Researchers from Virginia Tech developed an in vitro artificial enzymatic pathway that can produce hydrogen at extremely high rates by splitting water energized by carbohydrates (e.g., starch). As reported in a paper in the RSC journal Energy & Environmental Science, the pathway delivered up to a 1,000-fold enhancement in volumetric productivity of hydrogen, achieving a milestone of more than one gram of hydrogen per liter per hour.

With a volumetric productivity of more than 1.0 g H₂/L/h achieved, an anaerobic bioreactor of 62.5 m³ could produce 1,500 kg H₂ per day, the researchers concluded.

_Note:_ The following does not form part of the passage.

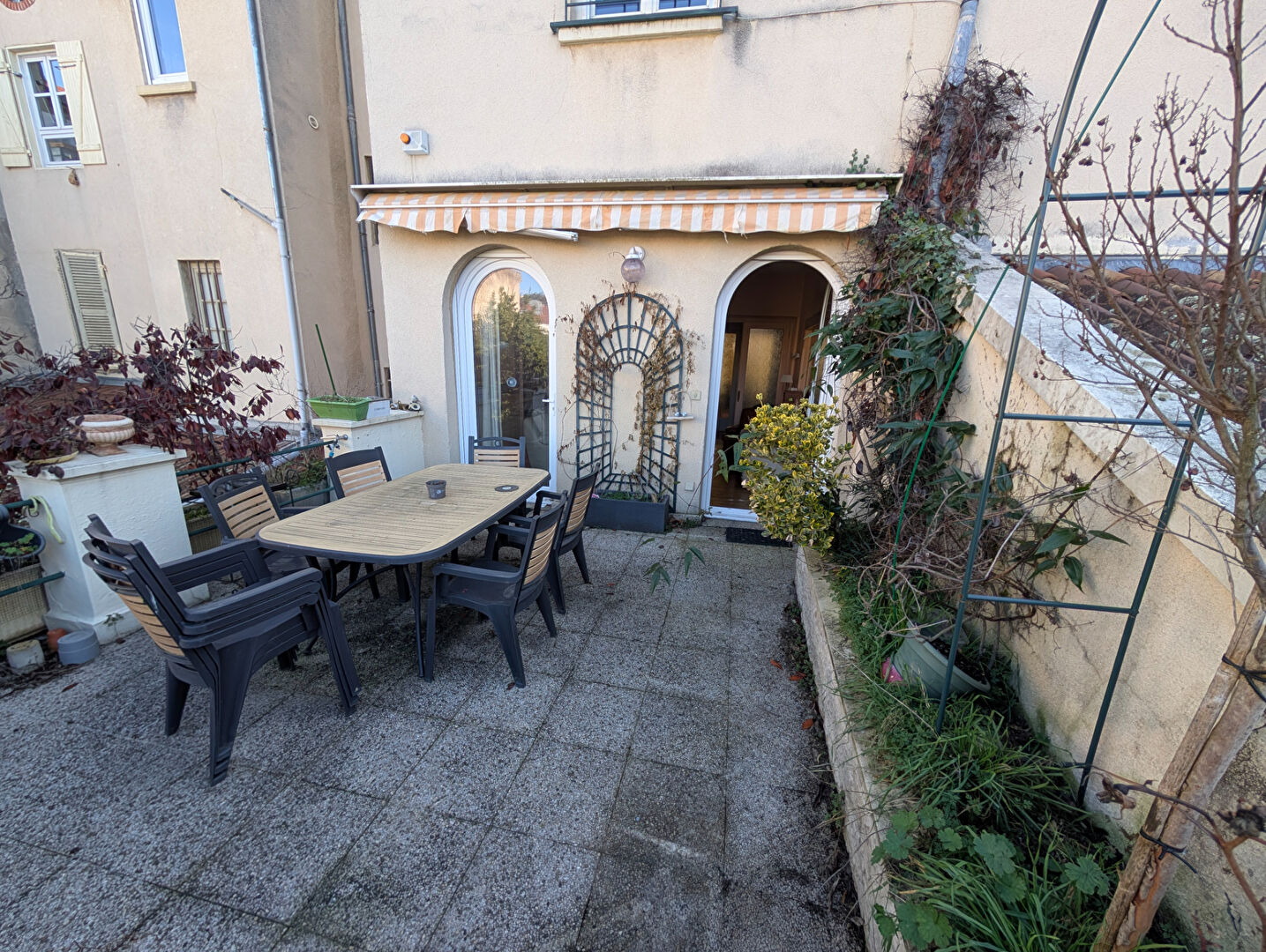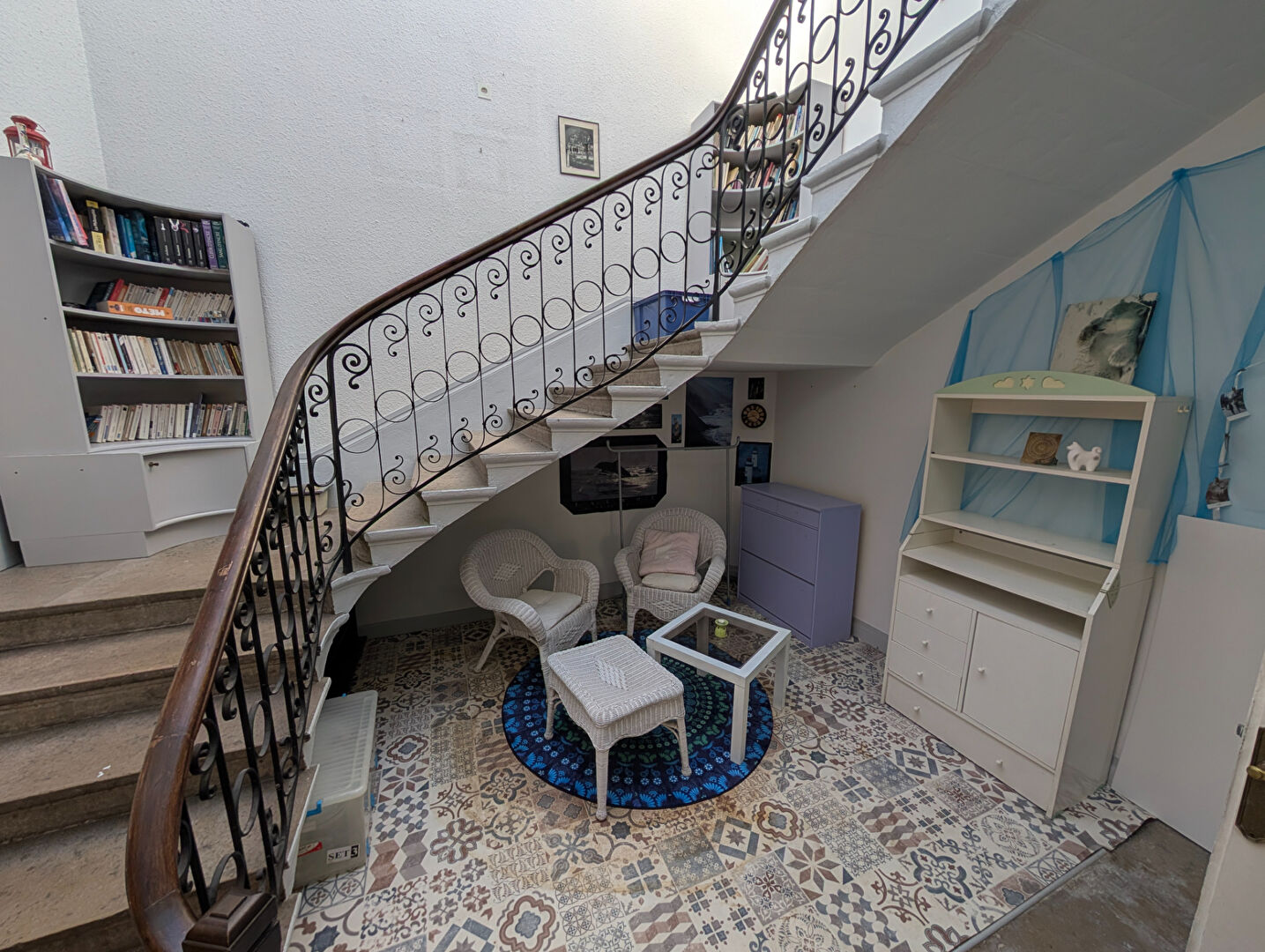 VIENNE - 38200 - Quartier Sous Préfecture - A 700 mètres de la Gare - Au pied du Bus - Dans petite Copropriété - Immeuble Bourgeois - Bel APPARTEMENT de type 6 - 197 M² habitables ""Carrez"" au 1er et 2ème étage - Vaste Hall central sur parquet droit massif - Salon de réception au soleil levant avec deux fenêtres, salle à manger avec deux fenêtres, et salon TV/Bibliothèque à l'ouest avec porte fenêtre sur terrasse - l'ensemble est doté de Cheminées en Marbres de décoration, de Moulures et de Hauts Plafonds - Cuisine fermée et buanderie attenante - 2 grandes chambres avec pièce d'eau et Chambre indépendante avec pièce d'eau au 2ème étage - ""Jardin d'hiver"" sous vitraux et belle montée d'escalier en pierre - Terrasse Tropézienne de 17 M² au Calme et au soleil couchant - Jolie Cave sur gravier - Copropriété comprenant 5 Lots Principaux - Charges Annuelles courantes de copropriété : 2000 Euros -

It is highly expected that green, cost-competitive, distributed H₂ will be produced via water splitting powered by solar energy directly or indirectly. Hydrogen production via high-speed water splitting may be energized by renewable carbohydrates (e.g., starch and biomass, a point energy source) with in vitro artificial enzymatic pathways other than nonpoint energy sources (e.g., insolation with an average energy flux of ~200 W/m²), along with other benefits, such as low H₂ transportation costs, easy H₂ harvesting, and low capital expenditure of distributed H₂ generation bioreactors.

… the theoretical H₂ yields of dark fermentation are two or four H₂ per glucose, called the Thauer limit, depending on the catabolic pathways and fermentation conditions. Although intensive efforts in H₂-producing microorganisms by metabolic engineering and synthetic biology they cannot break this limit due to the basic bioenergetics and thermodynamics of living organisms.

… In vitro enzymatic H₂ production systems have been demonstrated to split water energized by carbohydrates and catalyzed by enzymatic pathways comprised of more than ten enzymes. This approach is one of the most promising means for distributed H₂ production because it achieves the theoretical yield of hydrogen generation, i.e., 12 moles of H₂ from one mole of hexose along with water, with potentially-high volumetric productivities. Because carbohydrates are produced through plant photosynthesis, this indirect water splitting energized by carbohydrates is nearly carbon-neutral in terms of the whole life cycle. Recent efforts have expanded the types of carbohydrates, such as, glycogen, starch, and biomass sugars. These efforts have also led to great increases in volumetric productivity, as well as decreases in biocatalyst costs through utilization of thermostable enzymes with facile heat treatment purification, enzyme immobilization, and replacement of costly coenzymes.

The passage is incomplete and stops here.